Eye witness report by The Adana Observer’s award winning reporter, Holly Barberossa.


Goooooooood mooooorninggggggg Adannnnnnnaaaaaaa!

For those of you just waking up and grabbing your first cup of caff this is a reminder that Adana never sleeps and while you’ve been catching those wonderful zzzzzs daily life for the other three quarters of the population has been going on as normal, which means I have another dose of action and mayhem for your edification.

First on the agenda today is the food recall announced overnight. Bio-Sustenance have recalled all edible products synthesized from food base date coded Sunday last. The reason for this measure has not been announced, but rest assured we’ll find out what’s eating them down in Level 27 soon enough.

On my way down there I’ll be speaking with the wife of a power plant worker who has been missing for three days. How anyone can go missing in a closed environment like Adana has long been a mystery to me and, with your help, we’ll see if we can do our best and locate him.

Then we have bizarre report of robot abuse to look into. This was first brought to my attention a few days ago and I’ve been doing some research on the quiet, so to speak, and the results of that investigation will both surprise and shock you. It did me, let me tell you.

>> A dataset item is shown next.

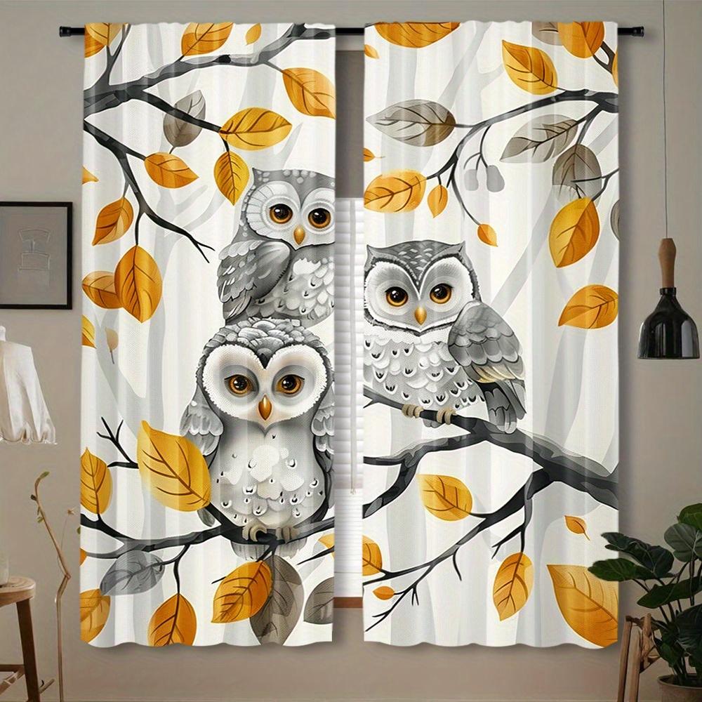 2 Pieces Owl Printed Curtains: Decorative Rod Pocket Window Treatments for Bedroom Living Room Home Decoration - Contemporary

I also plan to lift the lid on the drastic housing shortage on Adana and will be speaking to the Port Authority official responsible for this vexed issue.

To bring you up to date on some of the personalities we encountered yesterday, I’ve been told that both Horri Jinks and Nev Rinmygob have been released from hospital and are in good condition. I hope to be catching up with them both during the course of the day to follow up on their remarkable stories.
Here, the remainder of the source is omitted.